** Opening Data shown block **

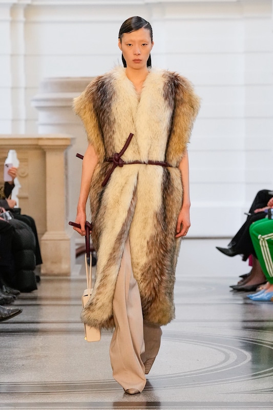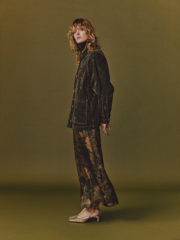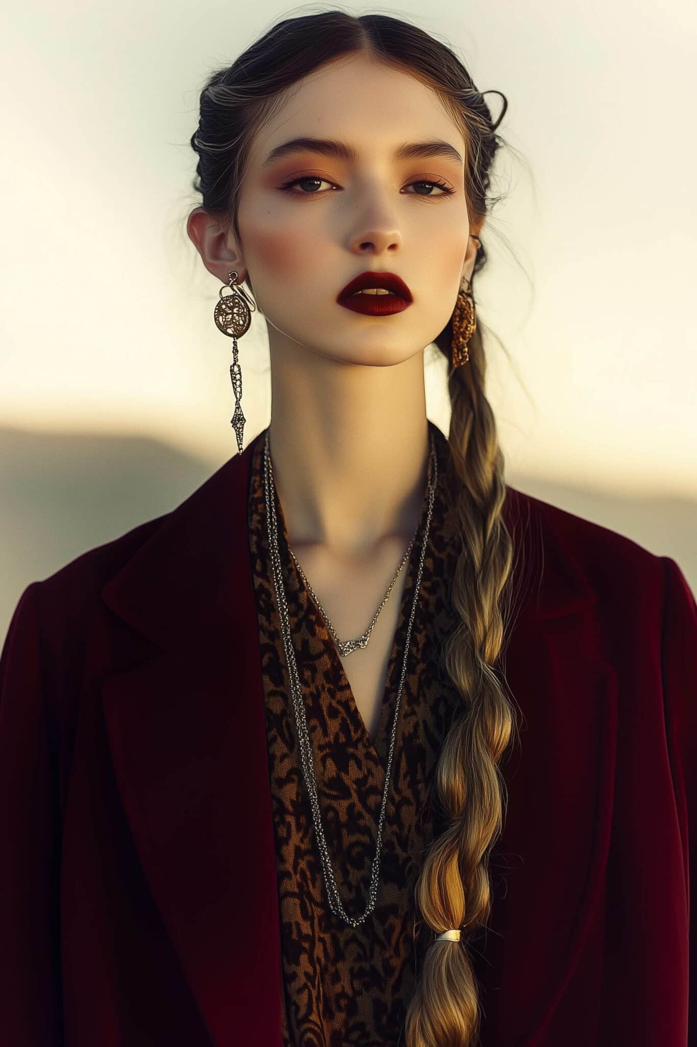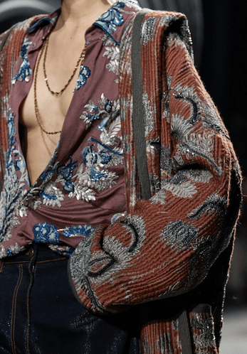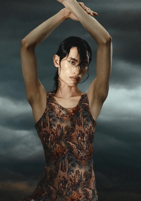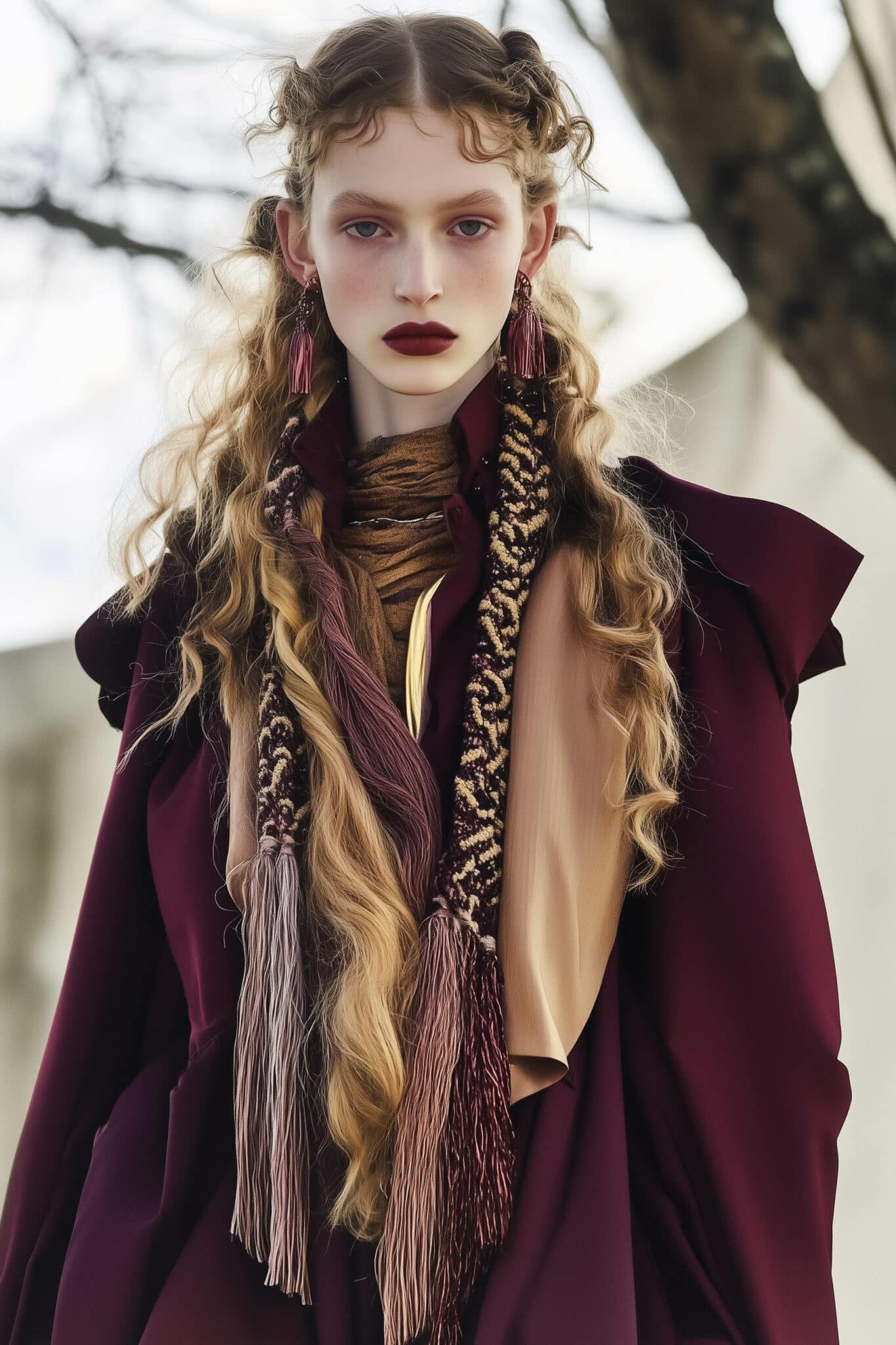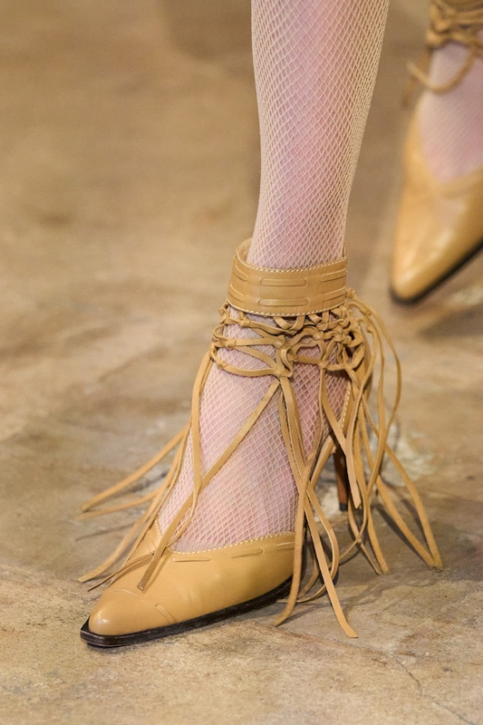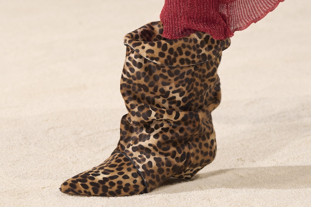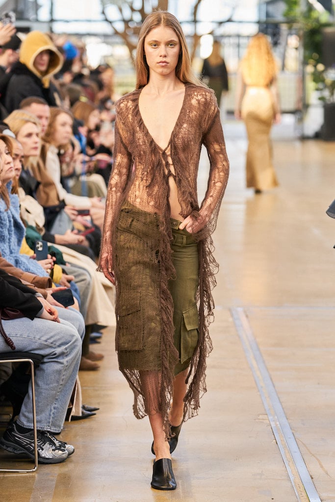 The aesthetic narrative fuses earthy stories and celestial notions, crafting new nomadic silhouettes in maxi length that billow with the whispers of ancient wisdom. Primal bohemian patterns embellish textiles, while layering and drapes create a sense of mystery. Chic silhouettes are juxtaposed with wilderness textiles and color palettes, marrying urban sophistication with the raw beauty of the untamed wilderness.
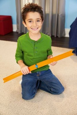 Jetzt braucht man nur noch sein Hot-Wheels-Fahrzeug über die Gerade Rennbahn rasen lassen, oder man testet die Geschwindigkeit anderer Fahrzeuge der eigenen Sammlung, um festzustellen, welches das Zeug zum Sieg hat. Lässt sich für jede Menge coole Stunt-Action mit anderen Hot-Wheels-Tracksets verbinden.
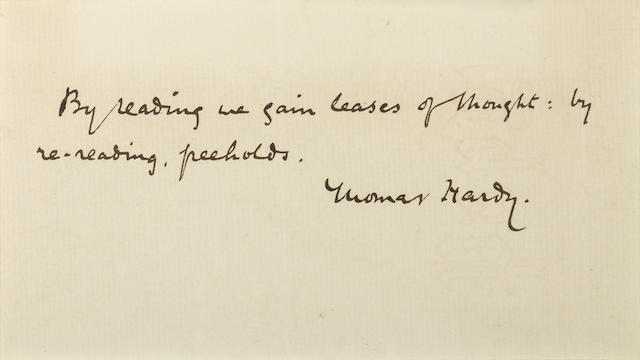Autograph Quotation Signed ("Thomas Hardy"), 1 p, 12mo, n.p., n.d. matted with portrait and framed.

** Closing Data shown block **

Begin with the line holding "Jetzt braucht man" and end with the last line of the listing. Reproduce each of those lines exactly, and leave every picture out.

 Jetzt braucht man nur noch sein Hot-Wheels-Fahrzeug über die Gerade Rennbahn rasen lassen, oder man testet die Geschwindigkeit anderer Fahrzeuge der eigenen Sammlung, um festzustellen, welches das Zeug zum Sieg hat. Lässt sich für jede Menge coole Stunt-Action mit anderen Hot-Wheels-Tracksets verbinden.
Autograph Quotation Signed ("Thomas Hardy"), 1 p, 12mo, n.p., n.d. matted with portrait and framed.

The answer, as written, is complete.